Даже сегодня, если я поднимаю рубаху и слегка приспускаю пояс — когда никто не видит, я делаю это нередко, — я вижу его. И сразу же: тут была ее рука. Тут — ее ладонь. Пятьдесят лет прошло с тех пор, и тот, кто не знает об этом светлом пятне, уже не может его различить. Но я, который знает, — вижу и чувствую. Я уже не различаю, что я чувствую острее: границу моей боли («Дойдет только досюда и не двинется дальше», — сказала ее рука) или нежность ее губ, целующих меня в том самом месте, тогда и там, стоящего против нее на столе, целующих и спускающихся туда, где распухает, когда у тебя поднимается температура и отец говорит «давай пощупаем у тебя желёзки».
— Как тебя зовут? — спросила она.
Я испугался. Амума, рассказывая мне и Габриэлю историю о том, как человек в раю дал имена всем животным{15}, сказала, что так он получил господство над ними. «С помощью Имени», — засмеялась она, и я хорошо это запомнил — и потому, что это выражение удивило меня, и потому, что Амума тогда уже нечасто смеялась.
— Как тебя зовут? — повторила Аня свой вопрос.
Я молчал. Я знал, что она хочет сделать меня своим.
— Я знаю, как я буду тебя звать, — улыбнулась она. — Я буду тебя звать «Фонтанелла». Это имя только я и ты будем знать.
— Михаэль, — сказал я поспешно.
— Михаэль — красивое имя, и так будет называть тебя твоя мама. А я буду называть тебя «Фонтанелла».
Я ощутил улыбку в этом «е», прозвучавшем, как «э».
— Фонтанелла, — тихо произнес я про себя, прикоснувшись пальцем к своей макушке.

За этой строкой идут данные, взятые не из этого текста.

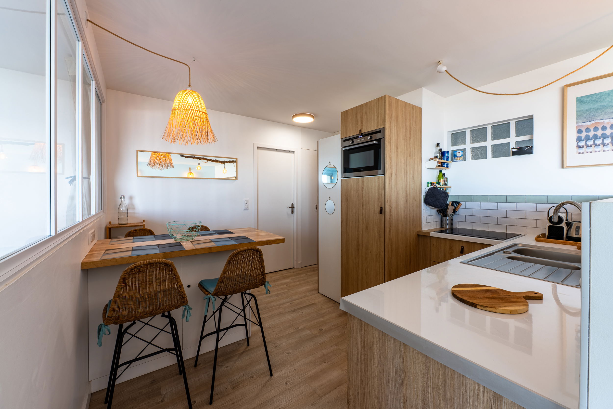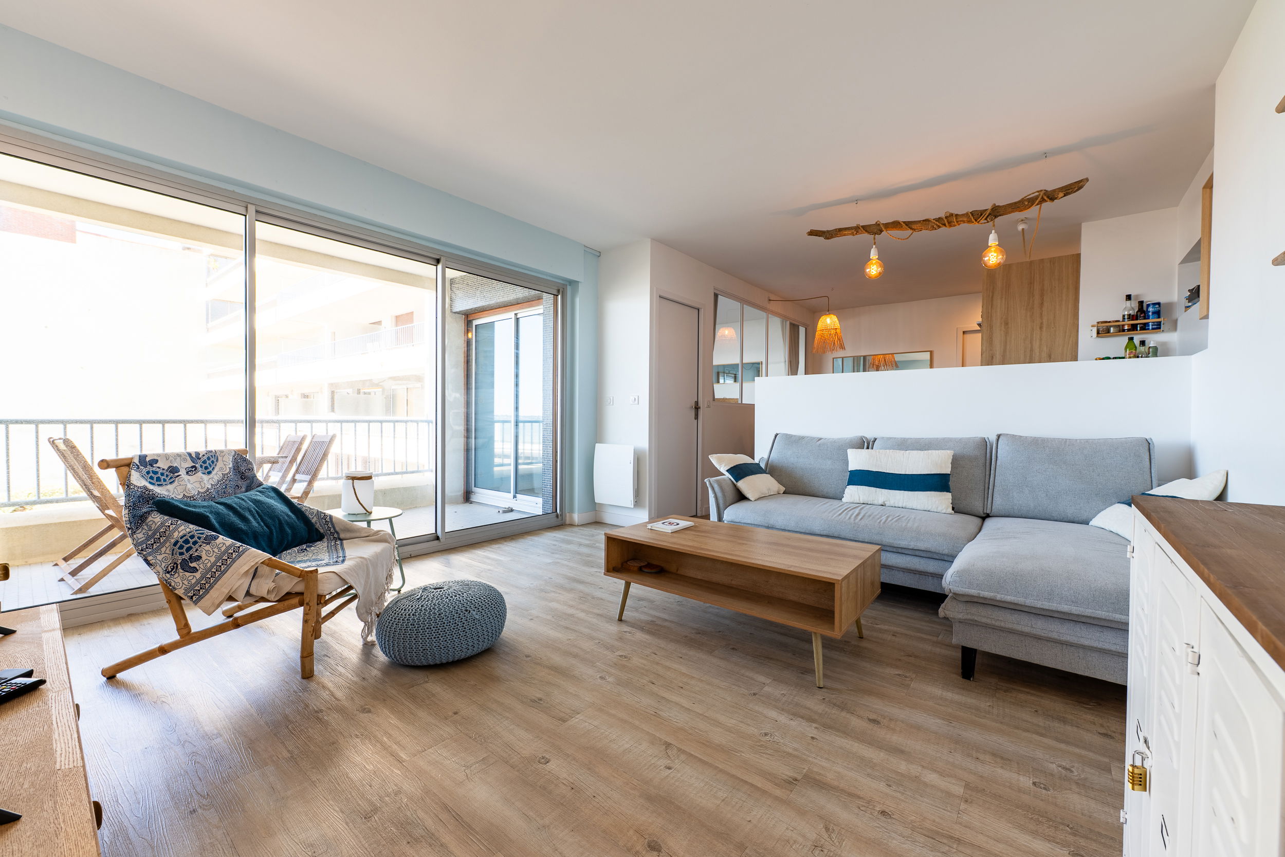 Settle into this beautiful apartment with its bohemian chic décor, located in a beachfront residence in the heart of La Baule. Enjoy its west-facing ocean view, perfect for abundant natural light and a view of the Pointe de Penchâteau.

Странное это было слово, нелегкое для пятилетнего языка, требующее от него некоторой акробатики: коснуться зубов, прижаться, освободиться, погладить, произвести звонкий звук, оттолкнувшись от нёба. Но с тех пор, как я услышал его впервые — тогда, в вади, обожженный, мокрый и обнятый ею, — я уже много раз повторял его про себя: в тайнике своего сердца, как привык в присутствии людей, или одними губами, как привык в одиночестве. Во дворе и в поле, днем на улице и ночью в постели. И научился произносить его правильно — как она, с легкой улыбкой. Но уже тогда, несмотря на свой малый возраст, я почувствовал, что кроме общего свойства имен — упорядочивать мир и успокаивать его обитателей, — в этом имени присутствует также любовь.

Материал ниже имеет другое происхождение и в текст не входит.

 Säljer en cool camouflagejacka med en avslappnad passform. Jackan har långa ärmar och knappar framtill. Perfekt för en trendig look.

Она расстегнула свою рубашку:
— Вот мои ожоги.
Ее руки снова обняли, прижимая меня к обнаженной груди — ожоги к ожогам.
— Я Аня. Запомни и не забывай.
И сняла меня со стола. Я стоял меж ее ног, и все мое тело болело от ожидания. Я знал, что сейчас она снова коснется меня там, притронется к моей фонтанелле, которая ждала и дрожала, открытая ей навстречу.
— Это знак, что Бог тебя любит, — сказала она и прикоснулась.
Уже тогда, в детстве, я знал, что, если хорошенько прислушаться к этой дрожи, можно узнать, что произойдет в будущем. Но до того дня я предсказывал только приближение хамсина, заморозки, приход дождя с гор. Я был полезен в основном лишь в вопросах жатвы и стирки да еще время от времени поражал окружающих тем, что находил пропавшие вещи. Однажды, когда Жених потерял своего «маленького шведа» и чуть не сошел с ума от отчаяния, отец послал меня на поиски. Сначала я поворачивался во все стороны, прислушиваясь к своей фонтанелле. Потом пошел по правильному направлению, ощущая на макушке «холодно-горячо», и в углу коровника, в том месте, где маленький шведский ключ выпал из кармана своего хозяина, сказал: «Здесь» и «Вот он», и отец обрадовался: «Я же вам говорил, что он может! Он находит всё на свете!»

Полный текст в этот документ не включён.